9 Tips to Keep Customers Coming Back
Remain focused: In cutting back, your first inclination may be to halt staff training or trim anything that may make the customer experience a smooth one. Don't if you can help it, says Richard Hanks, chair and president of Mindshare, a customer service-consulting firm. "Customer loyalty is a share of their wallet, mind and mouth. Be willing to sacrifice a little here, and your profits may take a hit and you may need to dip into your reserves a bit, but now is the time to steal shares. When everyone else is cutting down to the bone, cut less than everyone else and you'll be in a great position when we get out of this recession."
After all, an experienced staff is worth its weight in gold. Just ask Apple (Stock Quote: AAPL) . Whoever thought to add the Genius Bar to each store is brilliant. It's one more reason people are willing to pay Apple's higher prices.
Train staff to stay focused: On the customer, that is. One way Daniel's Jewelers in southern California does that is to have management shop in its 50 stores. "The goal is to catch employees doing it right," says Rick Segel, author of "Retail Business Kits for Dummies" (For Dummies). "Then they have a meeting about the wonderful things people are doing. Behavior that is rewarded is behavior that is repeated."
They also require that workers compliment one another in staff meetings. "An employee compliments another on what they did well, and they can't pick the same employee twice," says Segel. "It's awkward at first but people start observing. It becomes a form of education and raises the element of service."

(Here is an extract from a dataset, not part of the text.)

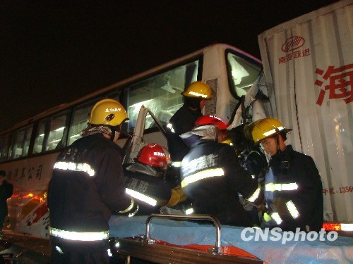 图:杭甬高速发生货车与大客车追尾事故(2)

Never lose customers to begin with: You won't need a customer-incentive program if your company has always done its utmost to make the client experience the best it can be. Experts say it costs more to find a new customer than it does to keep an old one. So if a customer had a horrible time with one of your employees, pick up the phone or drop by their table to let them know you value their business.
"The best incentive is dependability, consistency, urgency and responsiveness," says Hanks, who is also author of "Delivering and Measuring Customer Service" (Duff Road Endeavors). "I overpay at Nordstrom. But I know I will never have a problem with them. They don't have a frequent-buyer program. They have my loyalty because of the underlying thing that they do."